Whether we try to base this test on external structural characteristics or else on behavioral characteristics (which is in fact the approach of the traditional Turing Test), we find that mimicking or faking the appearance and behavior of a real human (or a real “worthy being”) in order to deceive the tester is a relatively achievable task. In all wars it is common practice to use “decoys” to distract enemy attacks and render them ineffective. The attacker has to discriminate in an ever shorter time interval whether the target in sight is a soldier or a dummy, a tank or a painted wooden crate, an innocent child used as a human shield or a humanoid pretending to be a child (which would then be a legitimate military target). In other words, robotic ethical programming cannot be made viable without first solving a computational “ethical dignity test” that discriminates beings worthy of respect from other beings, in a context where we can expect to encounter faking and deception at the very least.

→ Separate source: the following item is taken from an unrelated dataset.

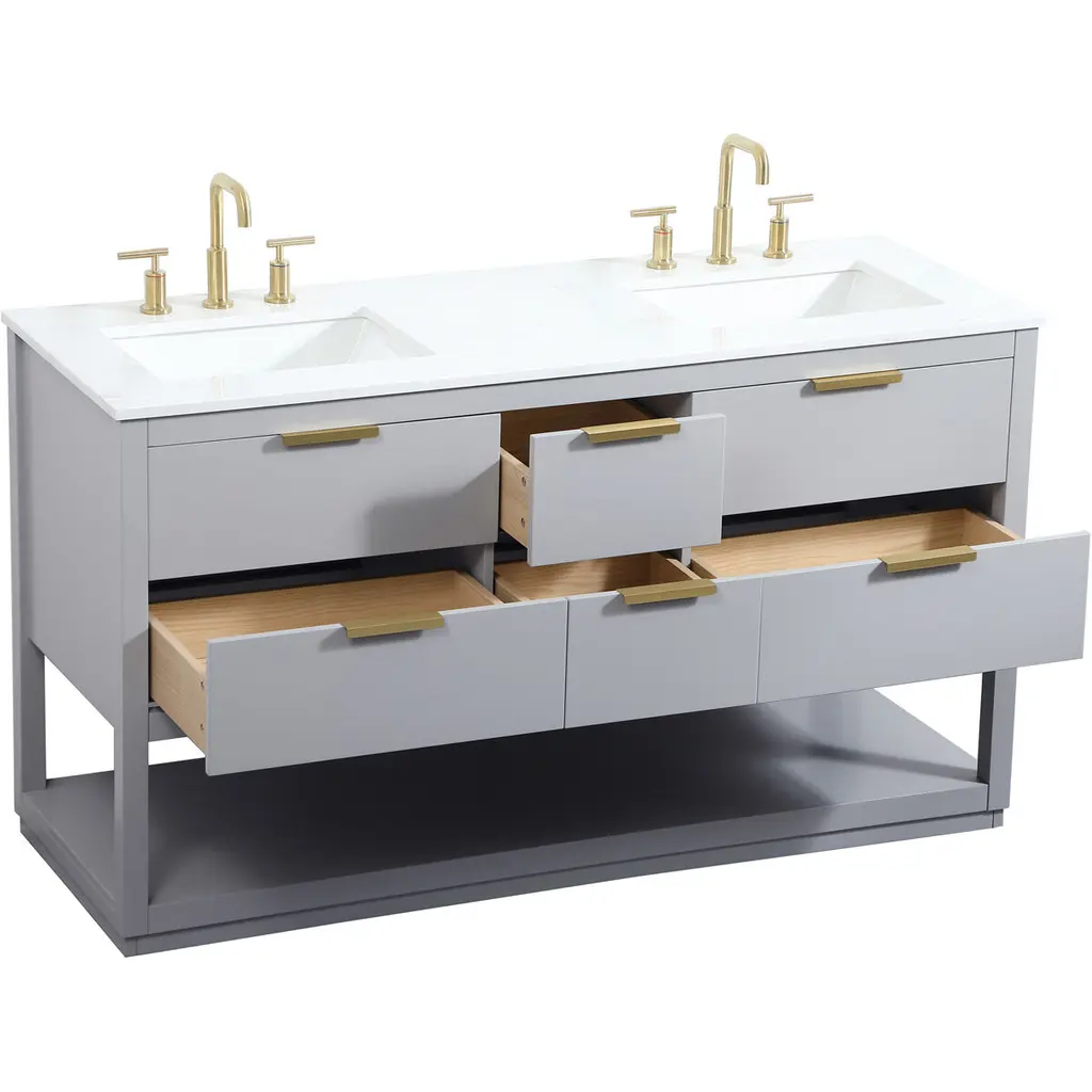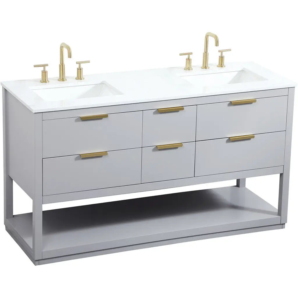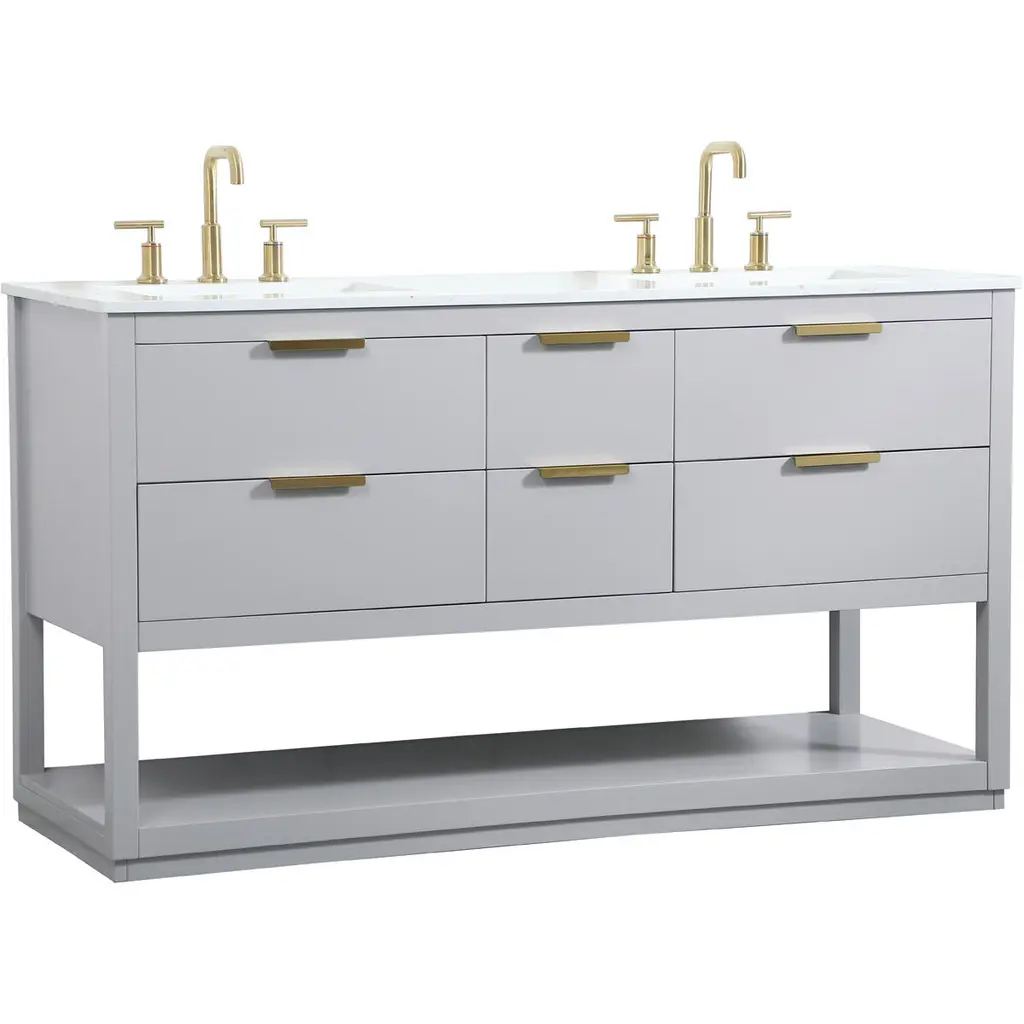 Live in modern comfort with this 60" gray finish double vanity. Dressed in a gray and sleek gold metal hardware, its contemporary style will have your bathroom or powder room elevated in modern sophistication. The open shelf at the base and five drawers reveal ample storage space for your bathroom essentials and miscellany. Clean lines create its own visual interest, adding trendy looks to your already chic room.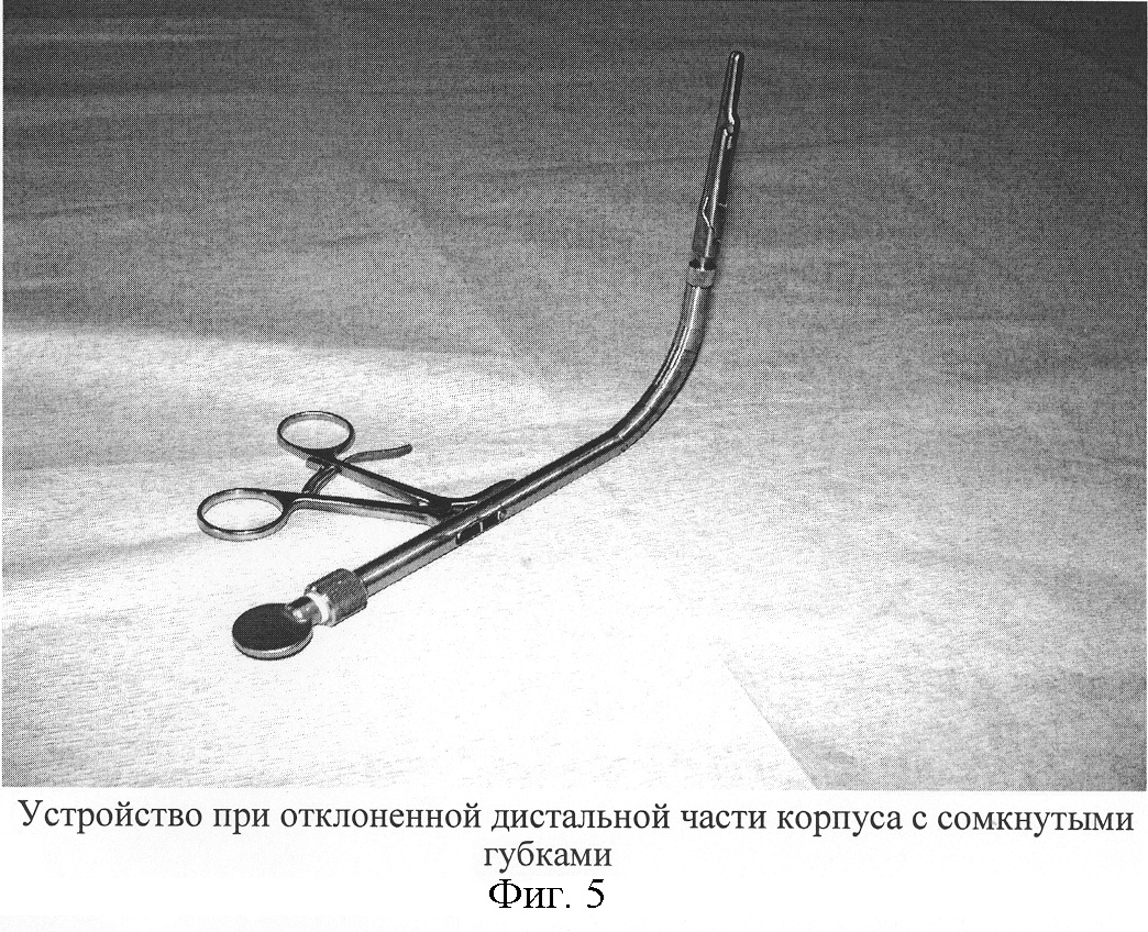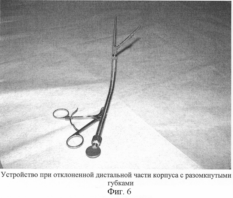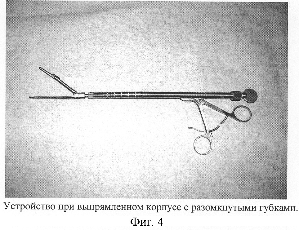 Формула изобретения Аортальный зажим, содержащий трубчатый корпус, рабочую часть, выполненную в виде подвижной и неподвижной губок, размещенных на одном конце корпуса, подвижной и неподвижной ручек с кольцами, размещенных на другом его конце, тяги, соединяющей подвижную губку с подвижной ручкой, размещенной внутри корпуса, отличающийся тем, что дистальная часть корпуса состоит из трубчатых звеньев, соединенных между собой с возможностью угловых отклонений в одной плоскости относительно друг друга и фиксации выполненными в виде многоугольников вкладышами с полуосями и центральным отверстием, контактные поверхности каждого звена скошены на одной стороне относительно оси устройства, проксимально расположенное звено соединено вкладышем с проксимальной частью корпуса, представляющей собой трубку, в которой установлен винт, оснащенный правой и левой резьбами, с соответствующей гайкой на каждой резьбе, на гайках закреплены концы тяг, проходящих из трубчатой части корпуса по сегментообразным щелям в боковых отделах звеньев и закрепленных на основании неподвижной губки, на котором шарнирно установлена подвижная губка, соединенная тягой через центральные отверстия вкладышей с подвижной ручкой посредством шарнирного узла, размещенного в трубчатой части корпуса, а на ручках установлена кремальера со стопором. РИСУНКИ

Second Difficulty: Need to Foresee the Consequences of an Act

Our actions trigger a multitude of effects, some of which will occur in a more or less distant future. If only immediate effects are morally relevant, a killer robot could plan its actions in such a way that the death of the “target” will occur one week after it has made certain preparations, thereby evading responsibility for the act. If a week seems too short a time to us, shall we go for a month, or a year? Where do we draw the line?

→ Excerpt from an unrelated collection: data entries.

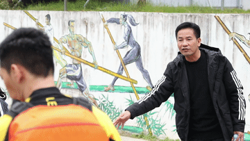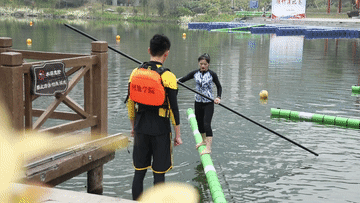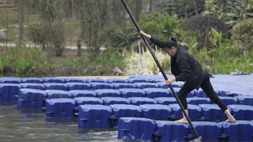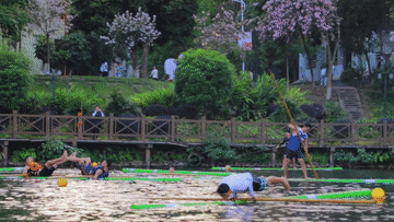运动员每天手握划杆站在竹竿上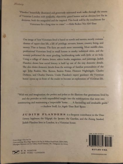 Publisher's description: The Victorian age is much closer to us in time than we might believe. Yet at that time, in the most technologically advanced nation in the world, people buried meat in fresh earth to prevent mold forming and wrung sheets out in boiling water with their bare hands. Such household drudgery was routinely performed by the grandparents of people still living, but the knowledge of it has passed as if it had never been. Judith Flanders's book is laid out like a Victorian house, taking you through the story of daily life from room to room. In each space she depicts the home's furnishings and decoration: from childbirth in the master bedroom, through the scullery and kitchen, the separate male and female domains of the drawing room and the parlor, and ending in the sickroom. A rich selection from diaries, letters, advice books, magazines, and paintings fills the rooms with the people and personalities of the age.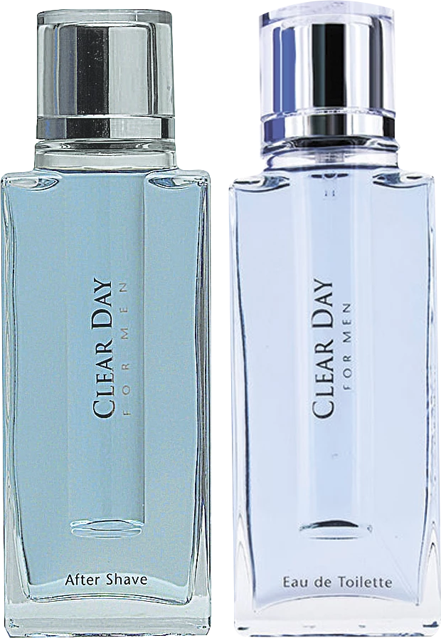 Clear Day Eau de Toilette 100 ml: Alcohol Denat., Aqua/Water/Eau, Fragrance (Parfum), Linalool, Limonene, Eugenol, Citronellol, Coumarin, Geraniol, Cinnamyl Alcohol, Citral, CI 60730 (Ext. Violet 2), CI 42090 (Blue 1), CI 14700 (Red 4)

To decide behavior in accordance with the First Law, a robot must be able to make a reasonably accurate prediction of the future. This prediction is difficult for many reasons, but especially because future events will be affected by the actions of the agent itself. Faced with the question, is this program harmful to humans?, an interesting recent work demonstrates, as a consequence of Rice’s theorem (Rice, 1953), that it is not possible to build a computational super-intelligence with a control strategy which forestalls evil on the part of others and which, at the same time, guarantees that it will not itself be harmful (Alfonseca et al., 2021). Like the “halting problem”, the harming problem is undecidable.

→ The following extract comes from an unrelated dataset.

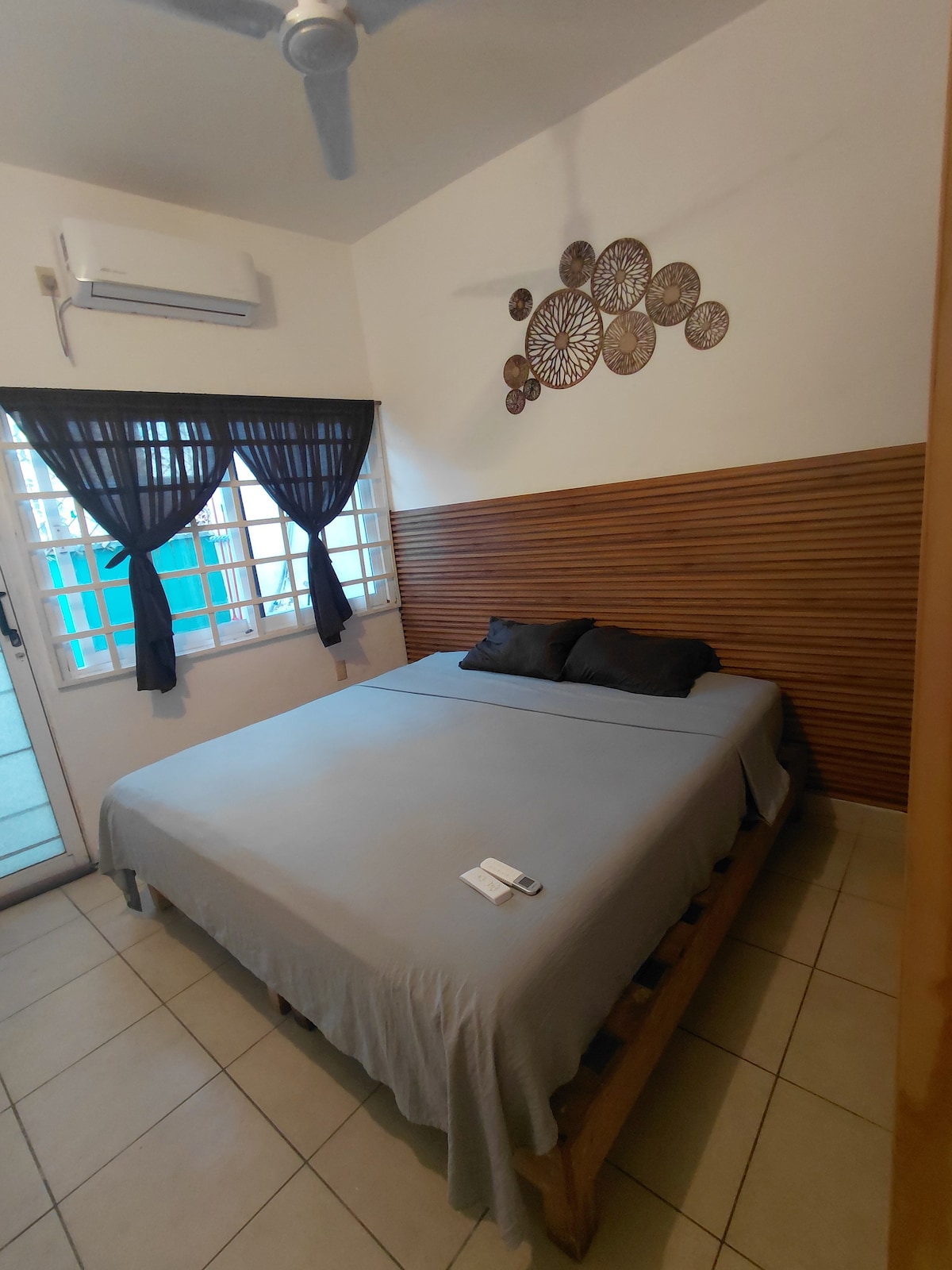 Departamento en planta baja , habitaciones climatizadas rodeado de atractivos turísticos, restaurantes, plazas comerciales , museos, a 3 minutos de playas y a 2.5 km del Acuario de Veracruz (A una cuadra del Carnaval y maratones) -Sala y comedor con smart tv, cocina integral con vista a un pequeño jardín central privado. -Recamara principal con cama king size , baño, vestidor y smart tv. - Recamara secundaria con cama matrimonial y closet. -Garage para un auto con portón eléctrico.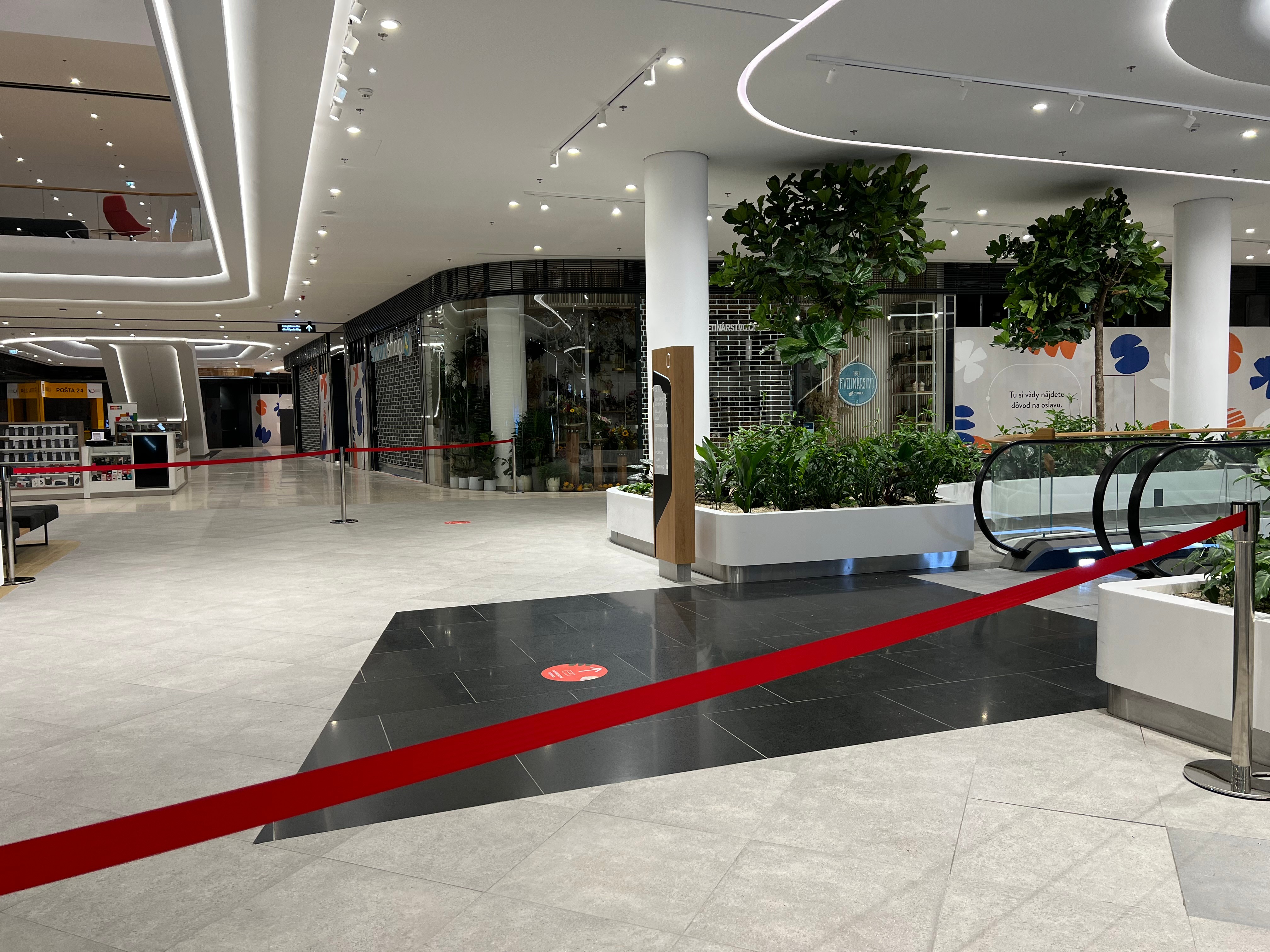 Červená páska určuje, kam nemáte ísť a určuje smer východu smerom k nonstop otvorenému hlavnému vchodu pre peších

It is worth noting here that classical ethics, by contrast with consequentialism, does not face the same difficulty, for it places the focus of responsibility not on the consequences of acts, but primarily on the intentions which inform them (Anscombe, 1958). A reformulation of the First Law in more classical terms would be: “A robot may not intend to injure a human being or, through intentional inaction, allow a human being to come to harm”. Of course, strictly speaking, intention and consequence cannot be separated either: to act is to have the intention of producing consequences (Spaemann, 1982). But the shift of focus from the cognitively foreseen to the willfully intended is by no means negligible. What does it mean when we say that a robot has “intentions”? In other words, robotic ethical programming cannot be solved without first solving the problems of volition, intentionality and free will; in short, without solving the problem of subjectivity: of being a subject that knows and conducts him or herself—or itself.

Third Difficulty: Need to Evaluate the Consequences as Good or Bad

This evaluation will require either an absolute classification between good and bad consequences or, at the least, a placement on a relative scale of comparison that makes some consequences preferable to others. This evaluation, implemented in computational terms, must be expressed numerically, so that a decision algorithm can be programmed to compute a result, i.e. a certain course of action. The “ethical value function” would then yield a numerical value that could be compared for each course of action considered, and thus the optimal one is chosen. In the end, it all boils down to “greater than or equal to”.Footnote 4

Let us take the case of a “child-care robot” (such as appears in several of Asimov’s stories) that must accompany its little human in household activities. Not only must it decide whether the pleasure of playing is greater or lesser than that of eating a sweet, but it must also consider which is better from an educational point of view, from a health point of view, etc. These are different dimensions of value, and in order to combine them the typical recourse is to use rather arbitrary coefficients through which a sort of “weighted average” of the various goods and values at stake is achieved.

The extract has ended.